Поглядел на красноармейцев и спросил безразлично:

— Пропущаете, ай нет?

От сидящих медленно приподнялся крепкоплечий парень, подтянул сапоги к рейтузам и поправил козырек картуза; лицо у него было желтей меди, все в веснушках; будто всадили ему в кожу множество мелких булавок с желтыми головками, глаза маленькие и удалые. Подойдя к лошади, он подтянул подпругу, похлопал лошадь ладонью по крупу и, мельком глянув на Аркадия Петровича, спросил, как будто мимоходом:

— Кого и куда везешь, товарищ?

Аркадий Петрович перегнулся с тарантаса: держась за ручку чемодана своего, клетчатого, с пообитыми боками, старался от глянуть товарищу в его бедовые мелкие глаза.

— Я, товарищ, еду по командировке из Москвы. В Листовец еду, у меня мандат от товарища Кириллина, хотите взглянуть? У меня при себе мандат. Все в порядке, товарищ, и печати и подписи, угодно ли взглянуть?

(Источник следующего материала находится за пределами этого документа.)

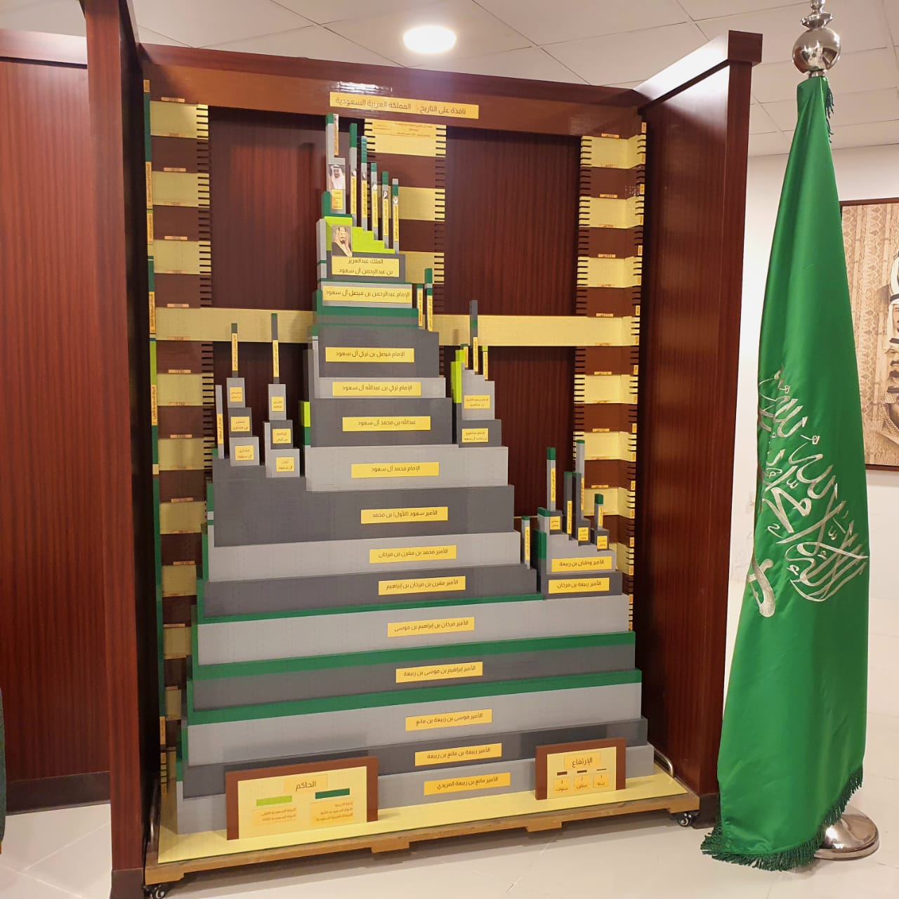 وأوضح المهندس خالد العبدالله - الحاصل على ماجستير في هندسة الكمبيوتر من جامعة الملك فهد للبترول والمعادن والمتقاعد من شركة ارامكو السعودية – أن المجسّم التاريخي يحكي تاريخ حكّام المملكة العربية السعودية من تاريخ 1447م بإمارة الدرعية ومن ثم  الدولة السعودية  الأولى مرورا بالدولة السعودية الثانية إلى زماننا الحاضر.

— Кто ж это такой Кириллин-то? — спросил товарищ, взял в горсть гриву лошади и сказал ласково: «да стой ты, черт!»

— Товарищ Кириллин? Вы не знаете товарища Кириллина? Да он в комиссариате внутренних дел, в той комнате, что, знаете, как идти от подъезда, то третья. Безусый, у левого глаза у него родимое пятно, похожее на черный пластырь, плешив он. Лет под сорок. Да вот, взгляните на мандат.

Засунув руку, он стал искать в боковом кармане бумажник, думая: «авось, пронесет и здесь, Христа ради».

— Ладно там. А почему попали на фронт?

— Да я ж в Листовец еду.

— А ведомо вам, что Листовец в руках белых?

— В руках белых?

Товарищ отошел от лошади, облокотился о козлы и, сложив на них руки, из-под козырька стал глядеть Аркадию Петровичу в переносицу, глаза его сузились еще больше, загорелые на солнце морщинки поднялись к ним. Аркадий Петрович вынул руку из бокового кармана, поправил чемодан, чтобы не лез на ноги, колени его коломытно свело.

— К завтраму ж отобьете, товарищ…

«Не пронесет, не пронесет», — впивался ему в мозг гвоздочек.

— Отобьем, не отобьем, а ездить здесь вам, товарищ, не к чему, здесь у нас эва чем пахнет, слышите?

За скатами забрехал пулемет, прорыдал, затих, зарыдал гулче; красноармейцы, лежавшие на животах, засмеялись чему-то весело, но похабно.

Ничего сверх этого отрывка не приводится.